The building is a reinforced concrete structure built on concrete piles.  Perimeter and internal columns carry deep beams which support the case concrete waffle slab floors.  At each floor level there are continuous glazed areas, and the continuous concrete surfaces between the glazed areas are clad with grey-green Italian ceramic mosaic tiles.  The Crown Courts are built of rustic Staffordshire blue bricks and the Council Chamber is faced with natural Portland stone.  The Council Chamber is fan-shaped in plan and supported on four tapering reinforced concrete legs which contain the service ducts.

John added: “All the office floors were designed to be and remain adaptable. Each of the administrative floors is 12.2m (40 ft.) wide and some 76.9 (250ft) long. All of the area of each floor is adaptable between full ‘open-plan’ and partition divided office spaces of near-limitless variation to size and shape. Why? Because, at the time of the Shirehall’s conception in the early 1960’s Whitehall was extending more functions and responsibilities to local authorities.

“And now, that in-built flexibility of the internal spaces could easily provide safe, physically distanced working places that could accommodate the newly developing balance between solitary home working and collective, office based, team working for Shropshire Council’s staff members. It’s easy enough to appreciate that contented staff members are more productive and their interests should be calmly and seriously invited and considered while the new working balance unfolds. The Royal Institute of British Architects (RIBA) stresses that the ‘embedded carbon’ in existing buildings means that refurbishment for continuing use should take precedence over demolition and new build.  An extensive refurbishment plan was developed less than 2 years ago and latest energy efficient techniques could bring the Shirehall towards future-proof standards.”

Ralph Crowe was Shropshire County Architect from 1958-66.  During this time he set up a furniture design department to produce a new range of furniture for Shropshire’s schools.  Subsequently a number of other counties joined in the project to form the Counties Furniture Group.  Counties contributed to the design costs and could order furniture from a catalogue to be sourced from a group of specified contractors.

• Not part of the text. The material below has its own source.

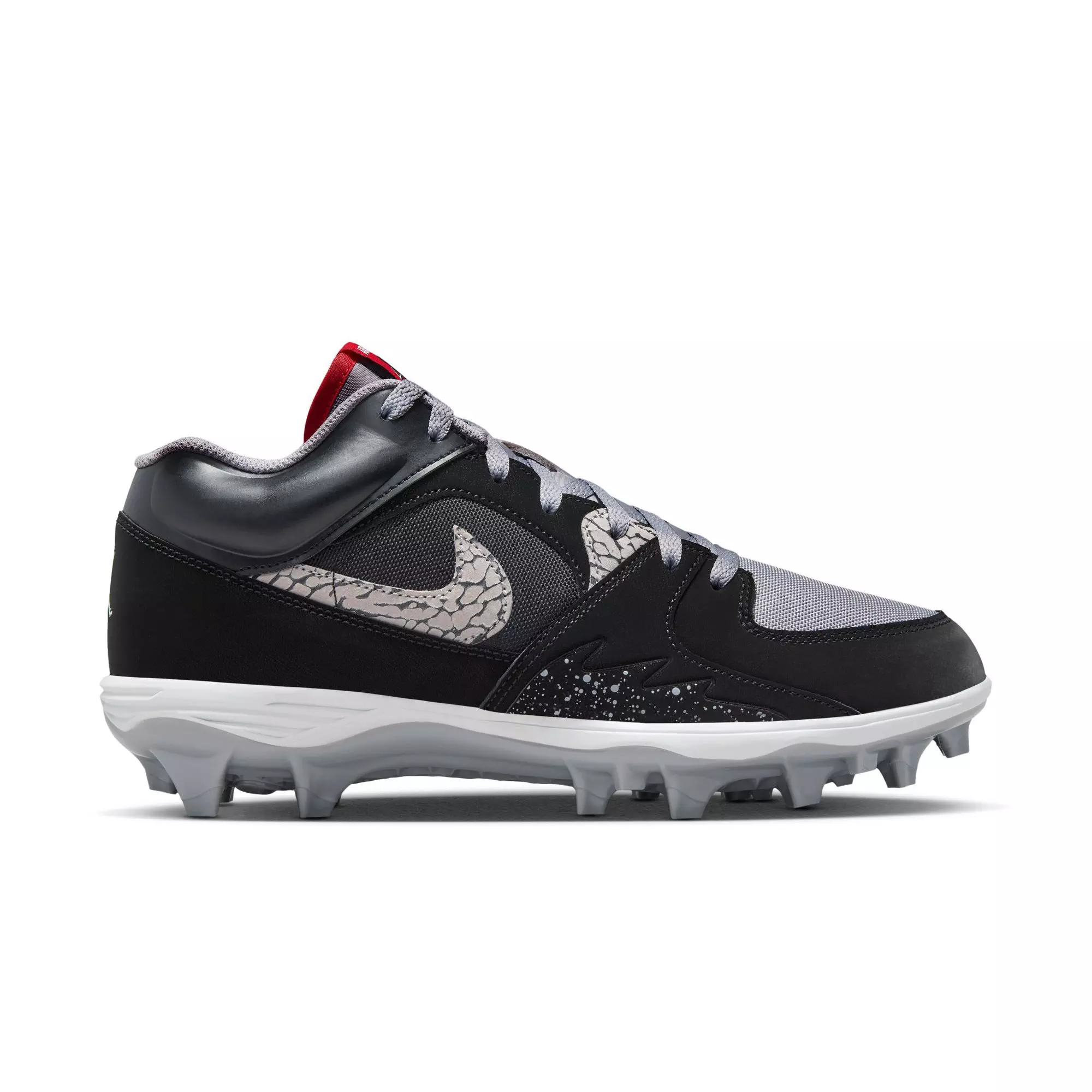 Built for explosive cuts and all-game comfort, the Jordan Stadium 90 Low TD "Black/Fire Red/Cement Grey/White" Men’s Football Cleat pairs a durable synthetic-leather upper with responsive cushioning to keep you quick on your feet. Wide stud placement and external traction pods help you plant, pivot, and accelerate with control on the field.

Pevsner & Bettley, The Buildings of England: Essex states that Crowe was also responsible for a large number of schools as County Architect at Essex.  Crowe inherited from his predecessor a commitment to the SEAC (South East Architects Consortium) system of modular construction, but was unhappy with its poor environmental performance.  He therefore developed his own system (MCB), which used highly insulated concrete panels with flat roofs, flexible steel and reinforced concrete frame, and regular grid.  Forty-nine schools were built using this system, the first at Elmstead in 1972.

Later in his career, Crowe became Professor of Architecture at the University of Newcastle.

Other buildings by the Shropshire or Essex County Architects under Crowe include: Saffron Walden Library and Arts Centre, a refurbishment of a mid-19th century corn exchange, which is listed Grade II; Restoration of Thaxted Guildhall, listed Grade I.